Scope and content

The vocabularies comprising the American Indian Vocabulary Collection were assembled by the Historical and Literary Committee in 1816, when preparing for the first volume of their Transactions. The resulting collection consists of 23 vocabularies of 19 languages collected between 1784 to 1828, along with letters of transmittal and other associated information. A number of individuals were invovled in recording the vocabularies, including Benjamin Hawkins, William Thornton, David Campbell, Daniel Smith, Constantine Volney, Constantine Rafinesque, William Vans Murray, John Heckewelder, Martin Duralde, Campanius Holm, and Jefferson himself.

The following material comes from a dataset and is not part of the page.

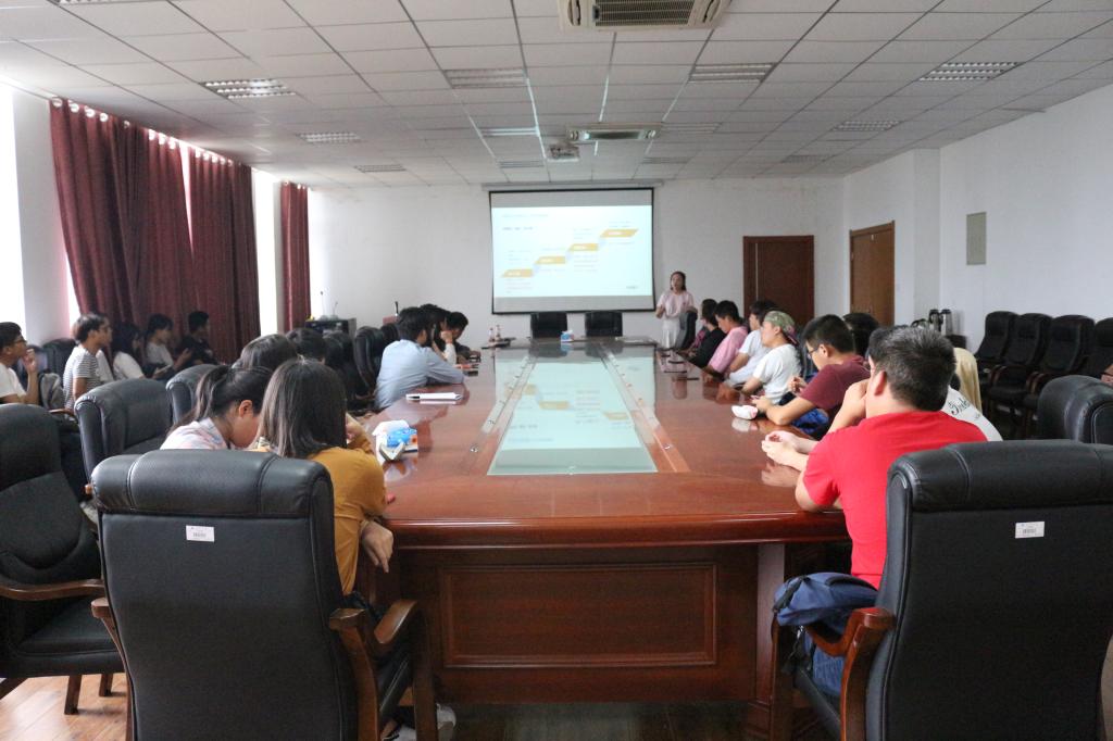 会议接近尾声,进入问答环节。肖耀同学详细解答了同学们提出的关于薪酬待遇、工作环境、用人标准等方面的问题,消除多余顾虑,使他们对自己的未来充满信心,几十张求职申请表转眼发放完毕。

The majority of the vocabularies record languages in what is now the eastern half of the United States, ranging from Osage, Quapaw, and Shawnee in the lower Mississippi Valley to Natick and Mohegan in New England. Rafinesque submitted vocabularies for two non-North American languages, the extinct Taino language of Haiti and for Chontal in Central America, and Jefferson himself recorded one vocabulary, Unquachog from the Pusspatock settlement near Brookhaven, Long Island.

A number of the original printed forms of the Jefferson vocabulary (ca. 1790-1792) are included. These materials were in many instances copied by Peter S. Du Ponceau into his private collection of Indian vocabularies (Mss. 497 In2) and were, in this form, utilized by Albert Gallatin for his Synopsis (1836). Gallatin had also seen the Jefferson manuscripts.